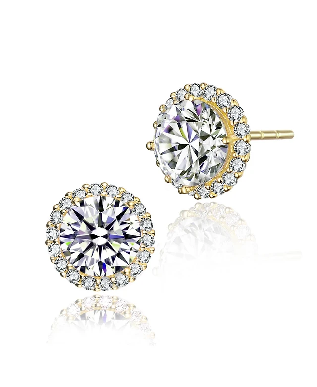 Cubic Zirconia Sterling Silver round Haloed Stud Earrings
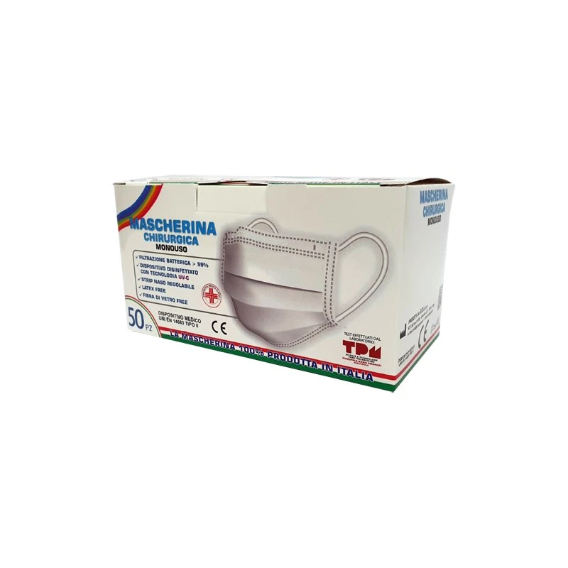Mascherina chirurgica monouso a tre strati, in tessuto non tessuto TNT in polipropilene opaco, inodore, con filtro ad elevata efficienza, morbida, priva di fibra di vetro, ipoallergenico, buona permeabilità all’aria. Si fissa con elastici privi di lattice. Rifiniture termosaldate. Disponibile nei colori: bianco, verde e azzurro.
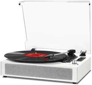 Vinyl Records Player Bluetooth with Bulit-in Speaker Vintage Record Player with USB Recording EQ Mode Support Belt-Driven 3-Speed Turntable AUX-in RCA Out, White
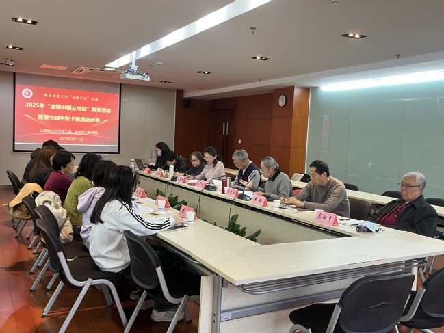 为更好地落实教育部关工委“读懂中国”活动要求,开展好我校2025年“读懂中国从电说”主题活动,3月14日下午,校关工委2025年“读懂中国从电说”教育活动暨第七辑手账卡编撰启动会在杨浦校区召开。校关工委常务副主任石奇光,副主任韦钢,秘书长庄民生,老同志代表王鲁杨、高永丰,自动化工程学院党委书记刘莉,校关工委青年教师委员杨锦程,以及师生代表参会。会议由校关工委秘书长刘洁荣主持。
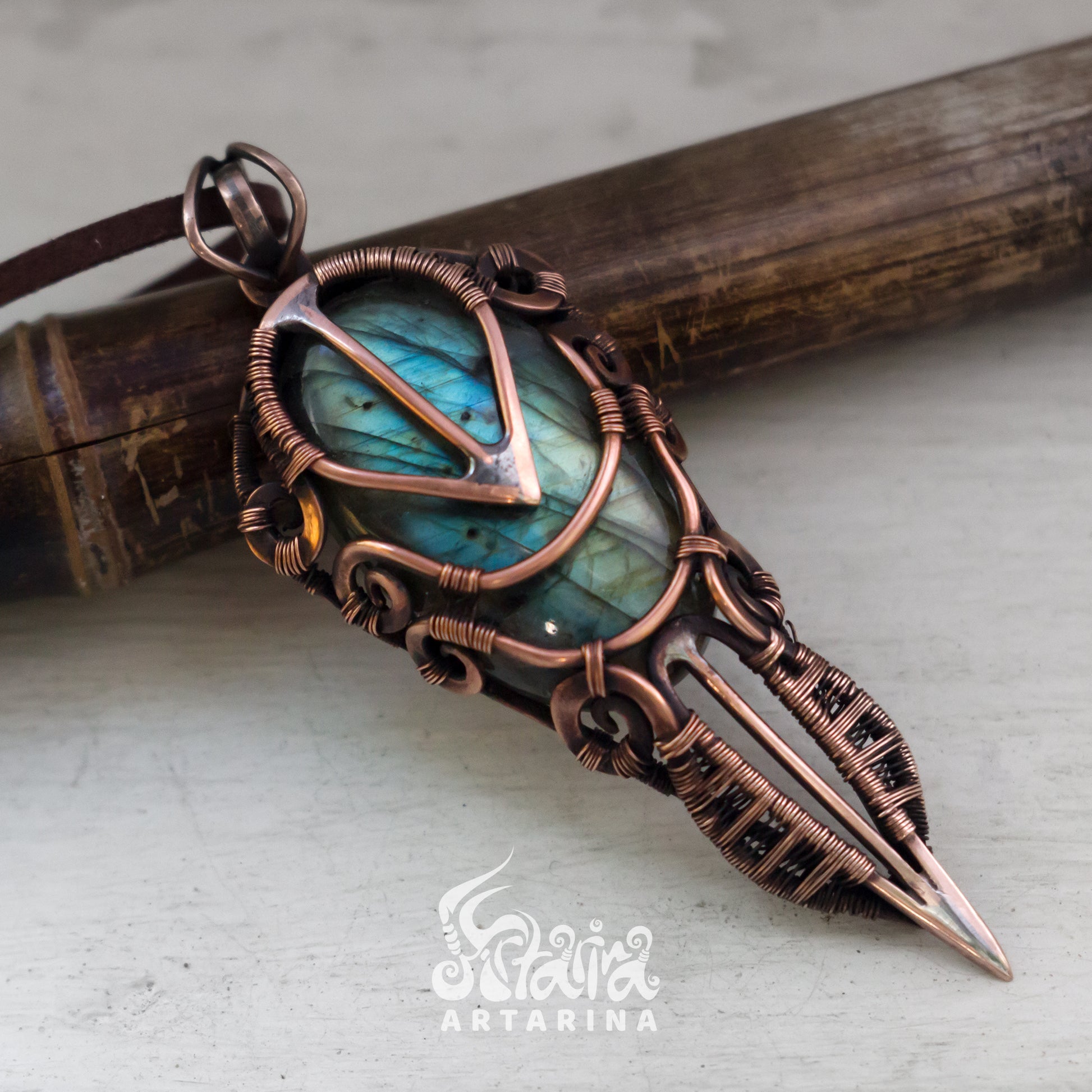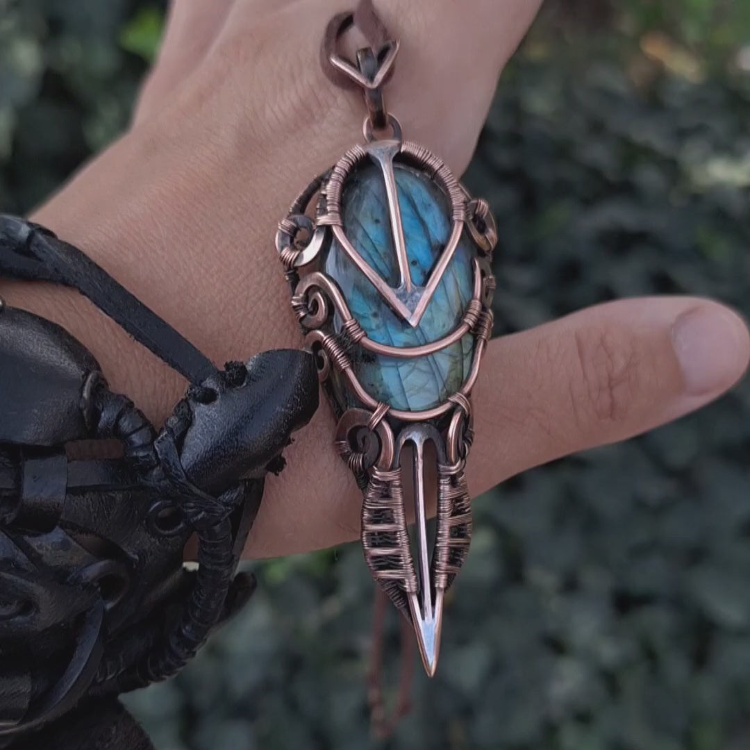 Occult jewelry. Magical wiccan witchy wizard labradorite necklace
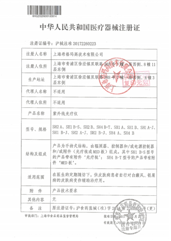 【注冊號】滬食藥監(jiān)械(準(zhǔn))字2013第2260223號
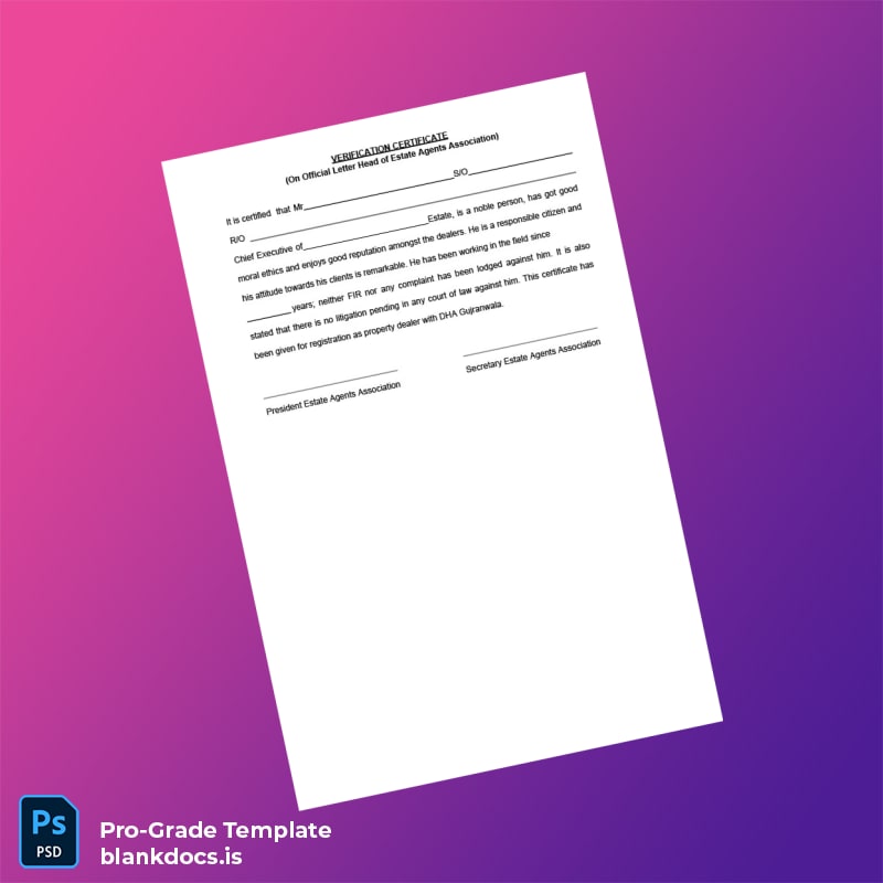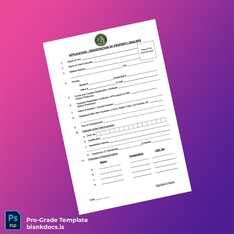 Streamline your business documentation process with our Blank Pakistan DHA Gujranwala Registration Certificate Word and PDF Template. Perfect for entrepreneurs, legal professionals, and administrative staff, this editable template provides a seamless way to create an official registration certificate tailored to your specific business needs.
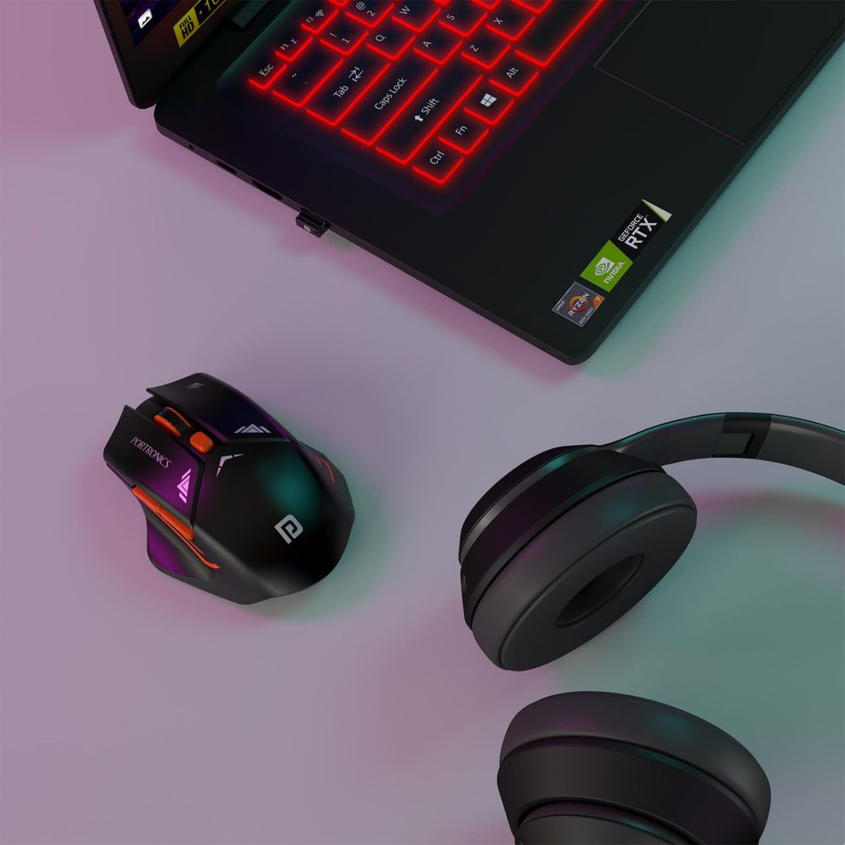 Portronics Vader Pro Wireless Gaming Mouse with 2.4 GHz Receiver, 6 Buttons, Thumb Support, High-Precision Tracking, Ergonomic Comfort, Adjustable Optical DPI for Laptop, PC, Mac
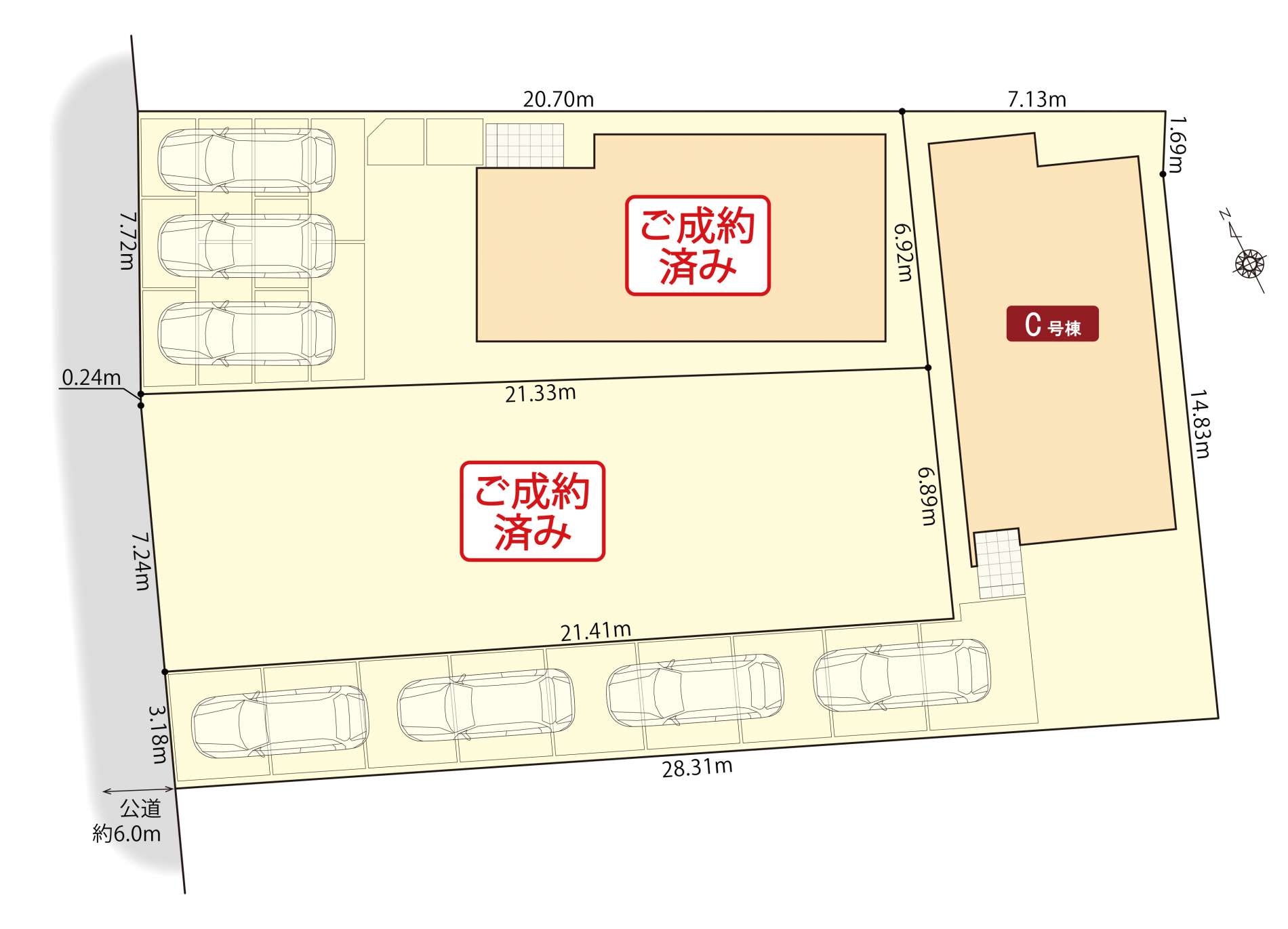 C号棟:55坪超の敷地面積を活かした4台駐車の区画です。

----------

## [Exercise requirements]
An acceptable answer consists of the lines above from the one holding "Occult jewelry. Magical" to the end of the data, repeated exactly and containing no pictures.

## [Reply to the task]
 Occult jewelry. Magical wiccan witchy wizard labradorite necklace
 【注冊號】滬食藥監(jiān)械(準(zhǔn))字2013第2260223號
 Streamline your business documentation process with our Blank Pakistan DHA Gujranwala Registration Certificate Word and PDF Template. Perfect for entrepreneurs, legal professionals, and administrative staff, this editable template provides a seamless way to create an official registration certificate tailored to your specific business needs.
 Portronics Vader Pro Wireless Gaming Mouse with 2.4 GHz Receiver, 6 Buttons, Thumb Support, High-Precision Tracking, Ergonomic Comfort, Adjustable Optical DPI for Laptop, PC, Mac
 C号棟:55坪超の敷地面積を活かした4台駐車の区画です。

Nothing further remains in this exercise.